_ACTIVITY_.
Please reproduce the lines from the one containing "- 黑白塑编罐+361粒仿玉子+楠竹棋盘+象棋+3书" through the end of the data below exactly as they stand, and omit all pictures.
STORED DATA below:
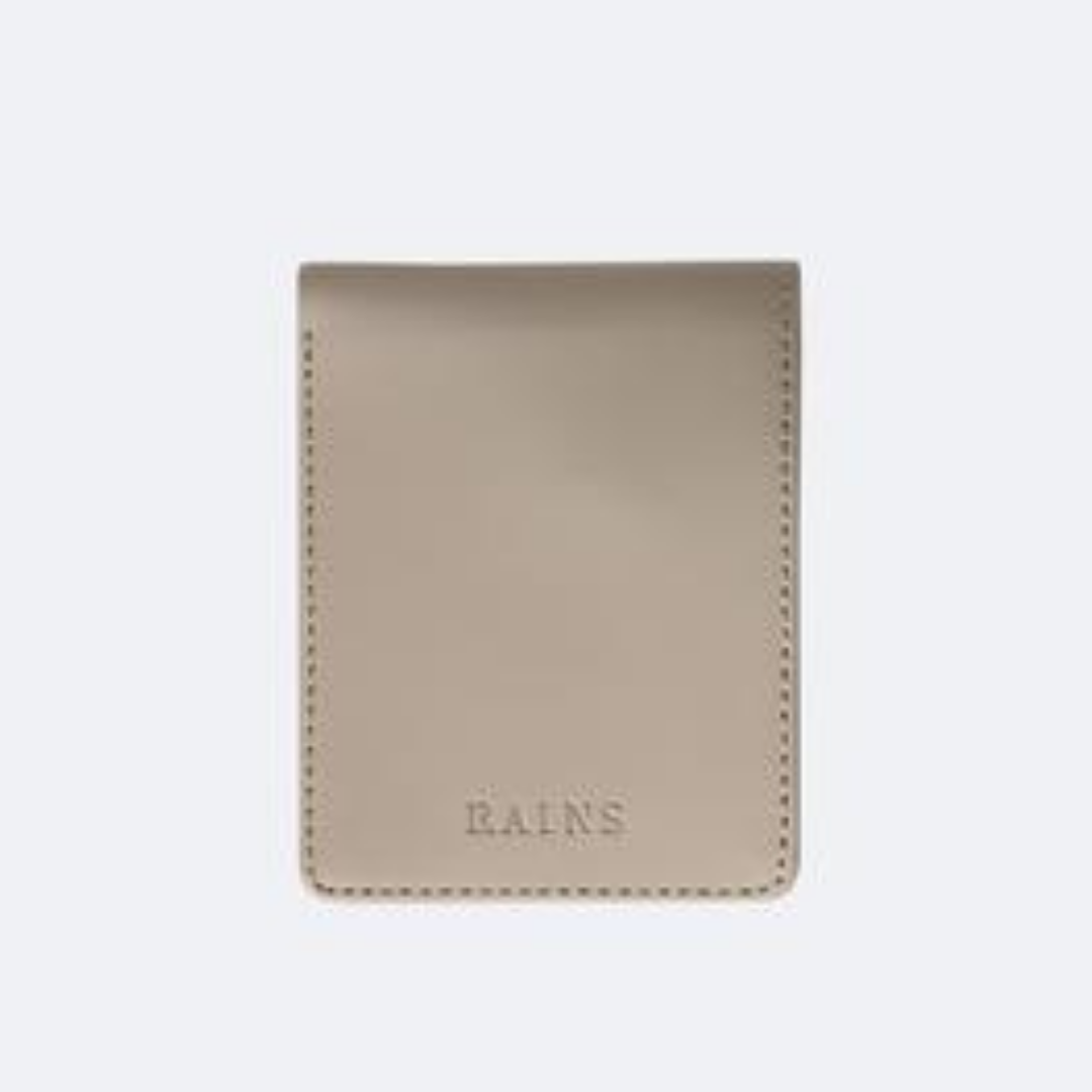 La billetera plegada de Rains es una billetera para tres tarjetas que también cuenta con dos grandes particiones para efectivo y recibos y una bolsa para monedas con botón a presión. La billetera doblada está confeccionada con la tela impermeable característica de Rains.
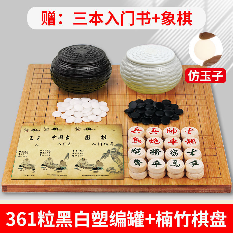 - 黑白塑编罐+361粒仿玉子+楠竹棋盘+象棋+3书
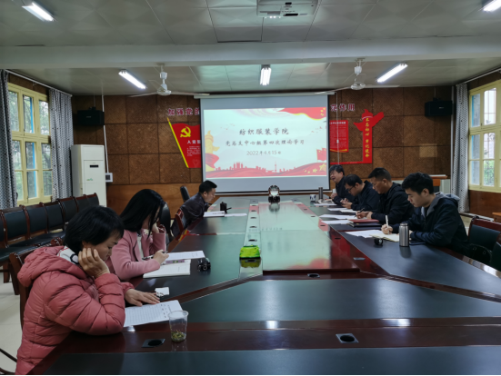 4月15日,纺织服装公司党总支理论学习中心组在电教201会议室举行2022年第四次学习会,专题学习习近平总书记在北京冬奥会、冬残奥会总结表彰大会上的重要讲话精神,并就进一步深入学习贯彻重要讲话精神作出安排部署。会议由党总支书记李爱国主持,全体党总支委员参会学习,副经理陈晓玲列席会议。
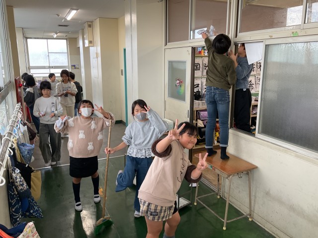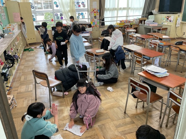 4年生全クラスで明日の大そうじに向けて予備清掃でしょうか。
End of STORED DATA.
_THE COMPLETED TASK_.
 - 黑白塑编罐+361粒仿玉子+楠竹棋盘+象棋+3书
 4月15日,纺织服装公司党总支理论学习中心组在电教201会议室举行2022年第四次学习会,专题学习习近平总书记在北京冬奥会、冬残奥会总结表彰大会上的重要讲话精神,并就进一步深入学习贯彻重要讲话精神作出安排部署。会议由党总支书记李爱国主持,全体党总支委员参会学习,副经理陈晓玲列席会议。
 4年生全クラスで明日の大そうじに向けて予備清掃でしょうか。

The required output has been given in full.